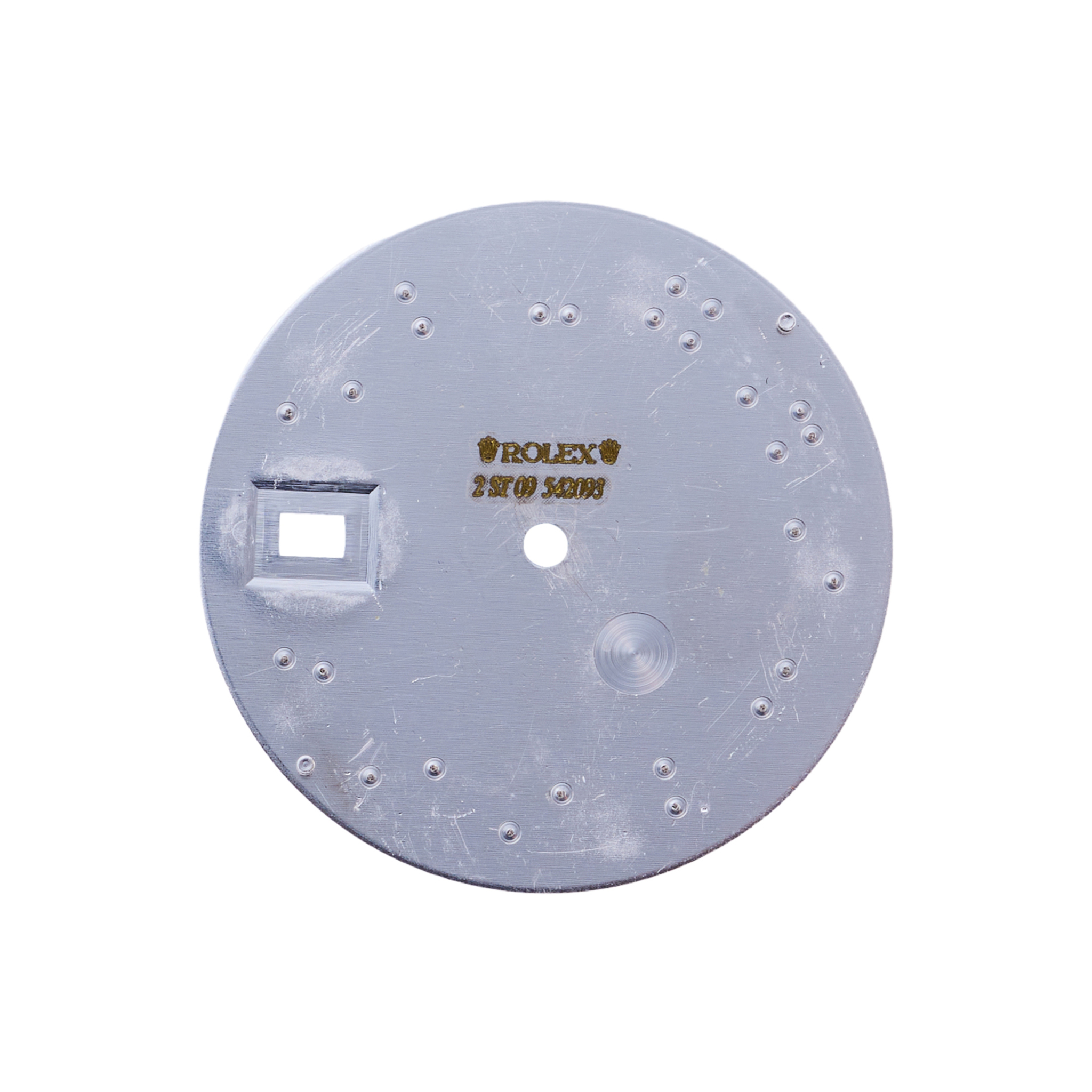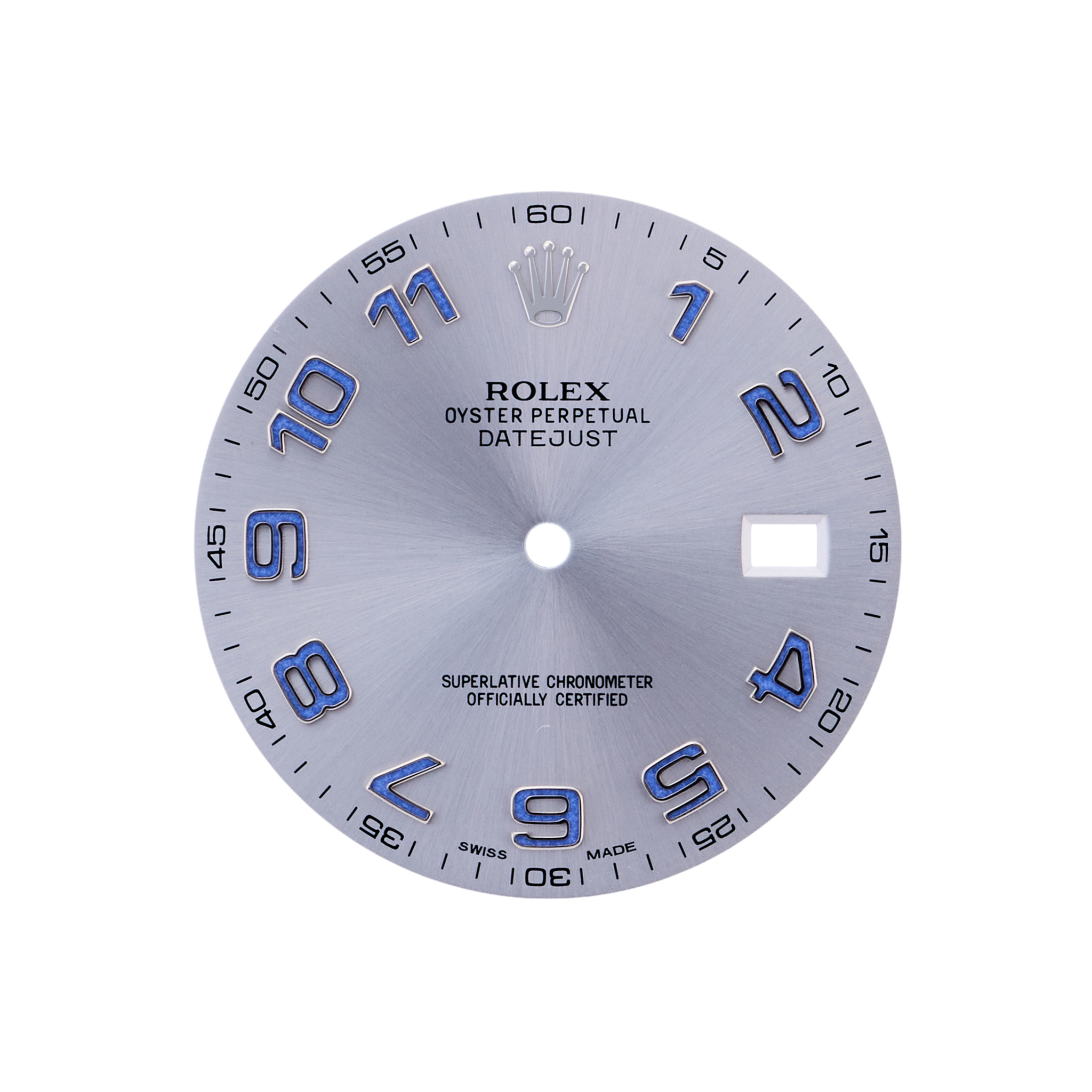 A fine and rare, gilt brass, silver dial with blue arabic numerals index for rolex reference 116300.
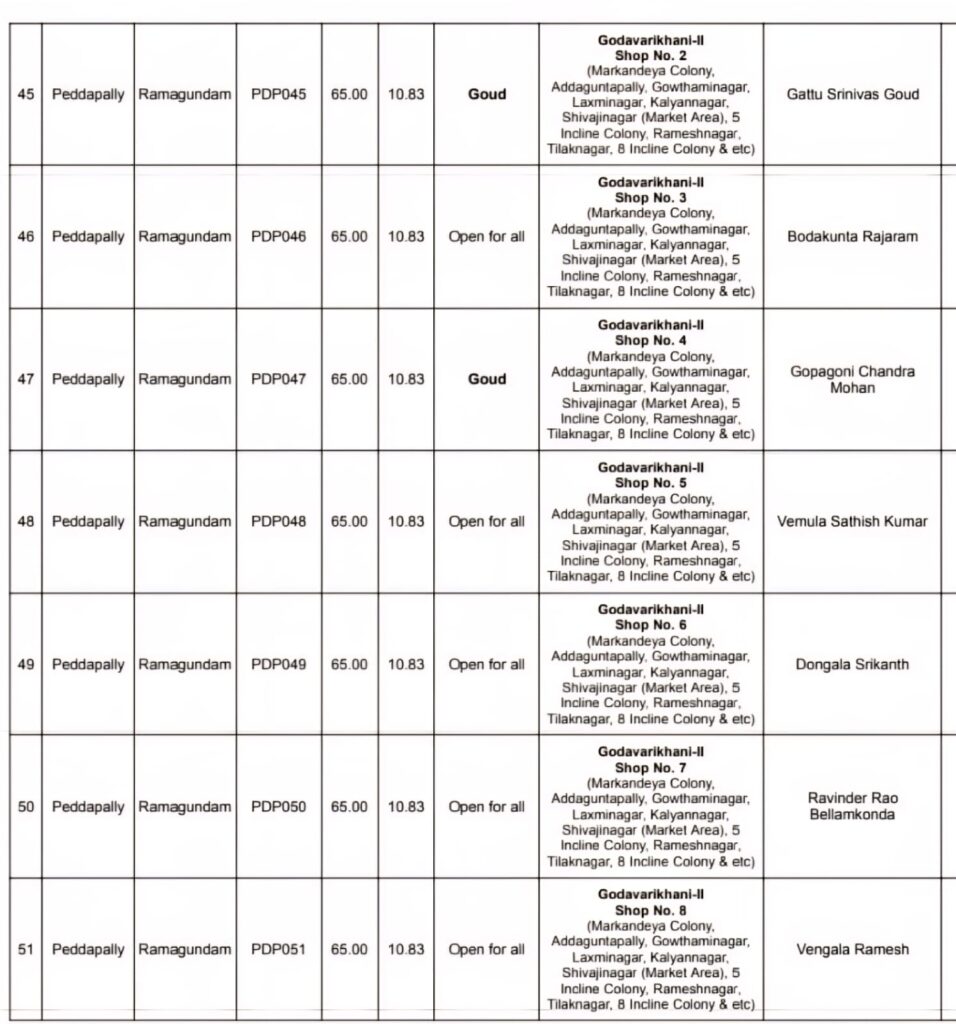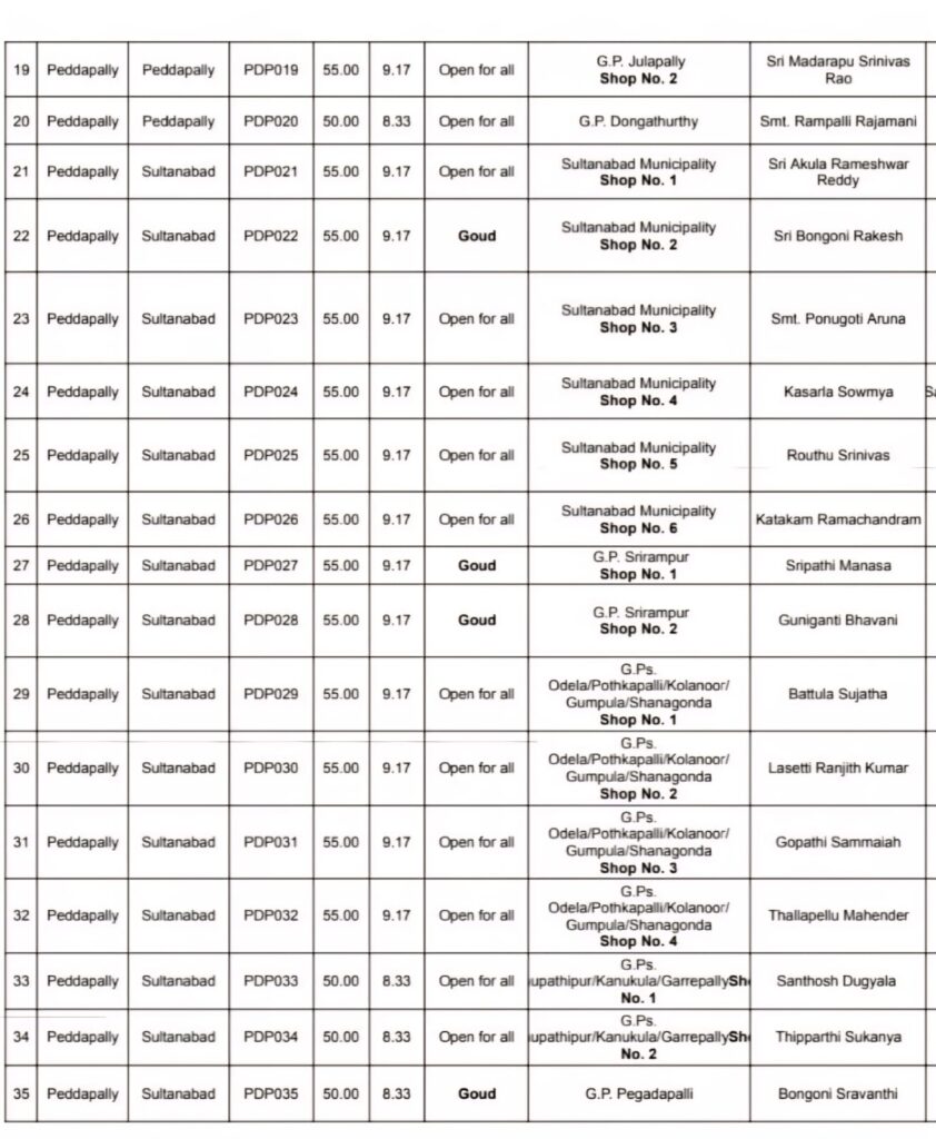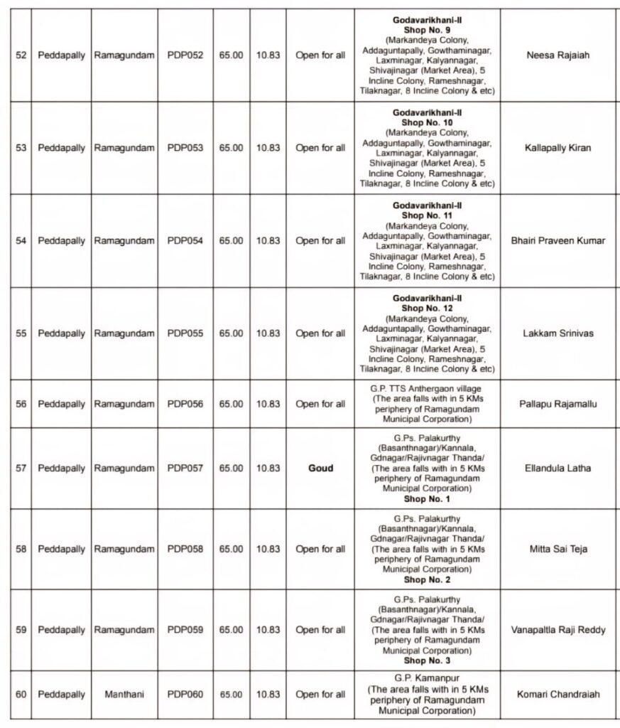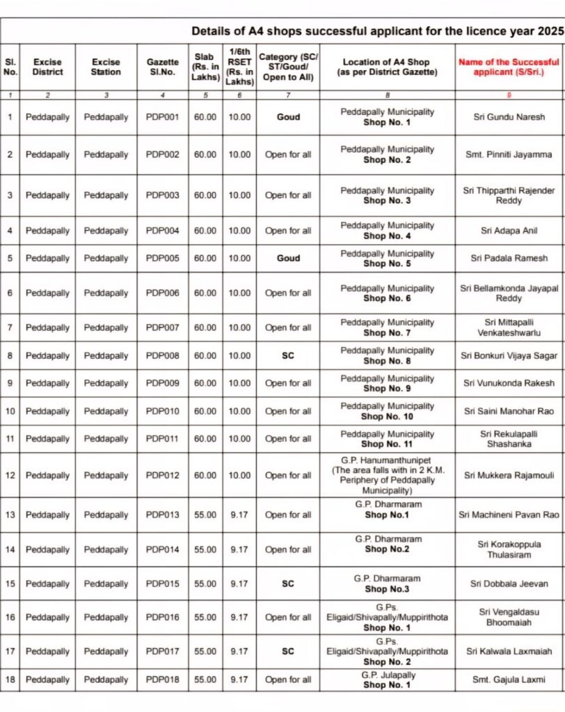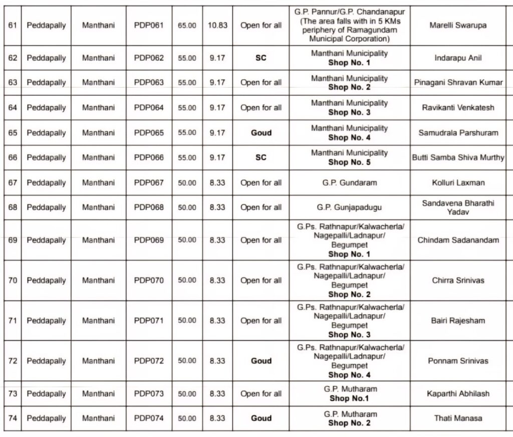 పెద్దపల్లి జిల్లాలో రెండేళ్ల కాలానికి 74 మద్యం (ఏ4) షాపుల కేటాయింపు (Allotment) ప్రక్రియ సోమవారం లాటరీ (Lottery) పద్ధతి ద్వారా విజయవంతంగా పూర్తయింది. స్థానిక సంస్థల అదనపు కలెక్టర్ జె.అరుణశ్రీ సమక్షంలో బంధంపల్లిలోని స్వరూప గార్డెన్స్లో ఈ ప్రక్రియ పారదర్శకంగా జరిగింది. 74 షాపుల కోసం మొత్తం 1507 దరఖాస్తులు రాగా ప్రభుత్వం జారీ చేసిన ఉత్తర్వుల ప్రకారం గౌడ (Gouds) కులస్థులకు 13, ఎస్సీ(Sc)లకు 8 షాపులు రిజర్వ్ (Reserve) చేశారు. మిగిలిన 53 షాపులను జనరల్ కేటగిరీ(General Category)లో లాటరీ ద్వారా దరఖాస్తుదారులకు కేటాయించారు. షాపులు దక్కించుకున్నవారు వెంటనే వార్షిక ఎక్సైజ్ పన్నులో 6వ వంతు చెల్లించి కన్ఫర్మేషన్ లెటర్ తీసుకోవాలని అధికారులు తెలిపారు. ఈ కార్యక్రమంలో జిల్లా ఎక్సైజ్ సూపరింటెండెంట్ మహిపాల్ రెడ్డి, ఎక్సైజ్ సీఐ నాగేశ్వరరావుతోపాటు దరఖాస్తుదారులు, ఎక్సైజ్ శాఖ సిబ్బంది, సంబంధిత అధికారులు పాల్గొన్నారు.
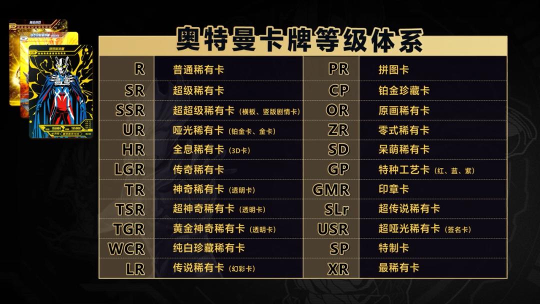 首先,奥特曼卡有一个非常庞杂的等级体系,前后推出过总计三十多种等级的卡牌,一个奥特曼往往会以不同的姿态出现在不同的卡组里。
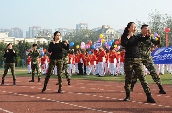 在开幕式上,每年例行的表演环节依旧充满着惊喜与期待。今年,物业公司的男子兵团与女子兵团齐齐上阵,表演的军体拳包括擒敌拳、棍术、头开钢板等,体现了过硬的业务素质和严格的训练标准。而接下来,商管公司表演的歌曲舞蹈《咋了爸爸》,飘荡着活力青春,体现了商管公司团队和谐友好的合作精神以及积极乐观的工作态度。
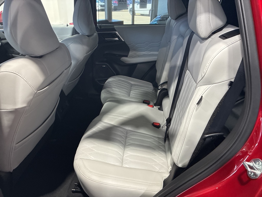 3rd row seats: split-bench, 4-Wheel Disc Brakes, 8 Speakers, ABS brakes, Accessory All-Weather Floor Mats, Accessory Black Wheel Locks & Lug Nuts, Accessory Chrome Hood Badge, Accessory Tonneau Cover, Air Conditioning, Alloy wheels, AM/FM radio: SiriusXM, Android Auto & Apple CarPlay, Auto High-beam Headlights, Auto-dimming Rear-View mirror, Automatic temperature control, Brake assist, Bumpers: body-color, Driver door bin, Driver vanity mirror, Dual front impact airbags, Dual front side impact airbags, Electronic Stability Control, Emergency communication system: Mitsubishi Connect w/ 24-month trial, Exterior Parking Camera Rear, Four wheel independent suspension, Front anti-roll bar, Front Bucket Seats, Front Center Armrest w/Storage, Front dual zone A/C, Front fog lights, Front reading lights, Fully automatic headlights, Garage door transmitter: HomeLink, Heated door mirrors, Heated Front Bucket Seats, Heated front seats, Heated rear seats, Heated steering wheel, Illuminated entry, Knee airbag, Leather Appointed Seating Surfaces, Leather Shift Knob, Leather steering wheel, Low tire pressure warning, Memory seat, Navigation System, Occupant sensing airbag, Outside temperature display, Overhead airbag, Overhead console, Panic alarm, Passenger door bin, Passenger vanity mirror, Power door mirrors, Power driver seat, Power Liftgate, Power moonroof: Panoramic, Power passenger seat, Power steering, Power windows, Radio data system, Radio: AM/FM 12.3" Navigation w/Smartphone-Link, Rain sensing wipers, Rear air conditioning, Rear anti-roll bar, Rear seat center armrest, Rear side impact airbag, Rear window defroster, Rear window wiper, Reclining 3rd row seat, Remote keyless entry, Security system, Speed control, Speed-Sensitive Wipers, Split folding rear seat, Spoiler, Steering wheel mounted audio controls, Tachometer, Telescoping steering wheel, Tilt steering wheel, Traction control, Trip computer, Turn signal indicator mirrors, Variably intermittent wipers, Welcome Package, Wheels: 20" Two-Tone Alloy.
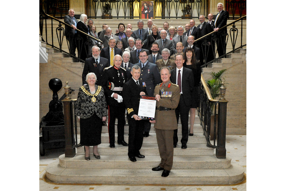 Supporters and signatories of the Armed Forces Community Covenant pose with the signed document at Barnsley Town Hall [Picture: Corporal Gabriel Moreno, Crown Copyright/MOD 2012]
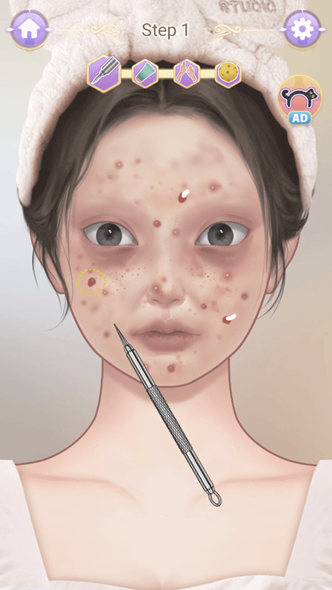 4、开始清洁面部,移动道具到虚线位置;
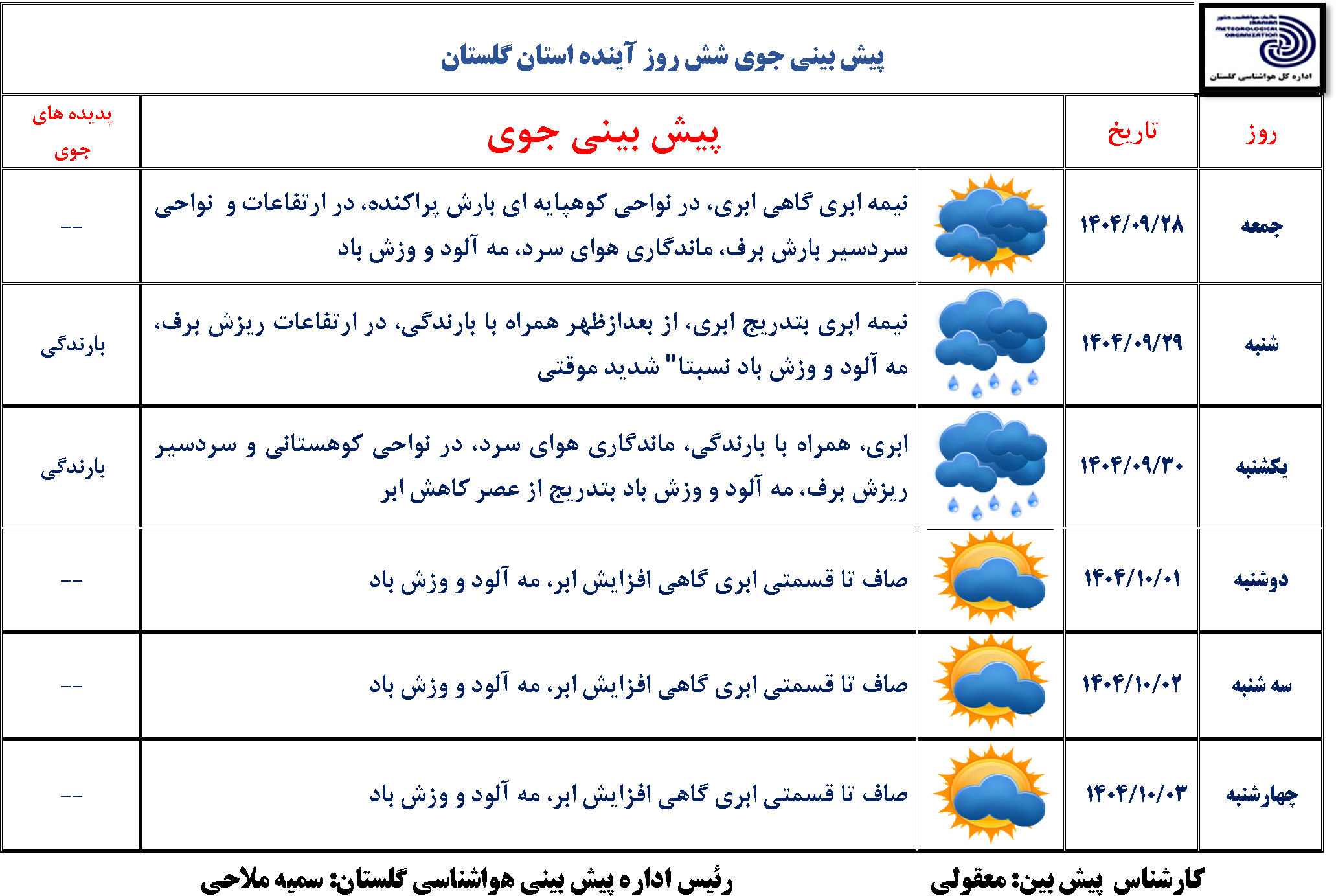 پیش بینی 6 روزه مورخ1404/09/28

----------------

**PROBLEM DETAILS**. Could you repeat all of the material exactly? Pictures should not be copied.

**ANSWER SPACE**.
 A fine and rare, gilt brass, silver dial with blue arabic numerals index for rolex reference 116300.
 పెద్దపల్లి జిల్లాలో రెండేళ్ల కాలానికి 74 మద్యం (ఏ4) షాపుల కేటాయింపు (Allotment) ప్రక్రియ సోమవారం లాటరీ (Lottery) పద్ధతి ద్వారా విజయవంతంగా పూర్తయింది. స్థానిక సంస్థల అదనపు కలెక్టర్ జె.అరుణశ్రీ సమక్షంలో బంధంపల్లిలోని స్వరూప గార్డెన్స్లో ఈ ప్రక్రియ పారదర్శకంగా జరిగింది. 74 షాపుల కోసం మొత్తం 1507 దరఖాస్తులు రాగా ప్రభుత్వం జారీ చేసిన ఉత్తర్వుల ప్రకారం గౌడ (Gouds) కులస్థులకు 13, ఎస్సీ(Sc)లకు 8 షాపులు రిజర్వ్ (Reserve) చేశారు. మిగిలిన 53 షాపులను జనరల్ కేటగిరీ(General Category)లో లాటరీ ద్వారా దరఖాస్తుదారులకు కేటాయించారు. షాపులు దక్కించుకున్నవారు వెంటనే వార్షిక ఎక్సైజ్ పన్నులో 6వ వంతు చెల్లించి కన్ఫర్మేషన్ లెటర్ తీసుకోవాలని అధికారులు తెలిపారు. ఈ కార్యక్రమంలో జిల్లా ఎక్సైజ్ సూపరింటెండెంట్ మహిపాల్ రెడ్డి, ఎక్సైజ్ సీఐ నాగేశ్వరరావుతోపాటు దరఖాస్తుదారులు, ఎక్సైజ్ శాఖ సిబ్బంది, సంబంధిత అధికారులు పాల్గొన్నారు.
 首先,奥特曼卡有一个非常庞杂的等级体系,前后推出过总计三十多种等级的卡牌,一个奥特曼往往会以不同的姿态出现在不同的卡组里。
 在开幕式上,每年例行的表演环节依旧充满着惊喜与期待。今年,物业公司的男子兵团与女子兵团齐齐上阵,表演的军体拳包括擒敌拳、棍术、头开钢板等,体现了过硬的业务素质和严格的训练标准。而接下来,商管公司表演的歌曲舞蹈《咋了爸爸》,飘荡着活力青春,体现了商管公司团队和谐友好的合作精神以及积极乐观的工作态度。
 3rd row seats: split-bench, 4-Wheel Disc Brakes, 8 Speakers, ABS brakes, Accessory All-Weather Floor Mats, Accessory Black Wheel Locks & Lug Nuts, Accessory Chrome Hood Badge, Accessory Tonneau Cover, Air Conditioning, Alloy wheels, AM/FM radio: SiriusXM, Android Auto & Apple CarPlay, Auto High-beam Headlights, Auto-dimming Rear-View mirror, Automatic temperature control, Brake assist, Bumpers: body-color, Driver door bin, Driver vanity mirror, Dual front impact airbags, Dual front side impact airbags, Electronic Stability Control, Emergency communication system: Mitsubishi Connect w/ 24-month trial, Exterior Parking Camera Rear, Four wheel independent suspension, Front anti-roll bar, Front Bucket Seats, Front Center Armrest w/Storage, Front dual zone A/C, Front fog lights, Front reading lights, Fully automatic headlights, Garage door transmitter: HomeLink, Heated door mirrors, Heated Front Bucket Seats, Heated front seats, Heated rear seats, Heated steering wheel, Illuminated entry, Knee airbag, Leather Appointed Seating Surfaces, Leather Shift Knob, Leather steering wheel, Low tire pressure warning, Memory seat, Navigation System, Occupant sensing airbag, Outside temperature display, Overhead airbag, Overhead console, Panic alarm, Passenger door bin, Passenger vanity mirror, Power door mirrors, Power driver seat, Power Liftgate, Power moonroof: Panoramic, Power passenger seat, Power steering, Power windows, Radio data system, Radio: AM/FM 12.3" Navigation w/Smartphone-Link, Rain sensing wipers, Rear air conditioning, Rear anti-roll bar, Rear seat center armrest, Rear side impact airbag, Rear window defroster, Rear window wiper, Reclining 3rd row seat, Remote keyless entry, Security system, Speed control, Speed-Sensitive Wipers, Split folding rear seat, Spoiler, Steering wheel mounted audio controls, Tachometer, Telescoping steering wheel, Tilt steering wheel, Traction control, Trip computer, Turn signal indicator mirrors, Variably intermittent wipers, Welcome Package, Wheels: 20" Two-Tone Alloy.
 Supporters and signatories of the Armed Forces Community Covenant pose with the signed document at Barnsley Town Hall [Picture: Corporal Gabriel Moreno, Crown Copyright/MOD 2012]
 4、开始清洁面部,移动道具到虚线位置;
 پیش بینی 6 روزه مورخ1404/09/28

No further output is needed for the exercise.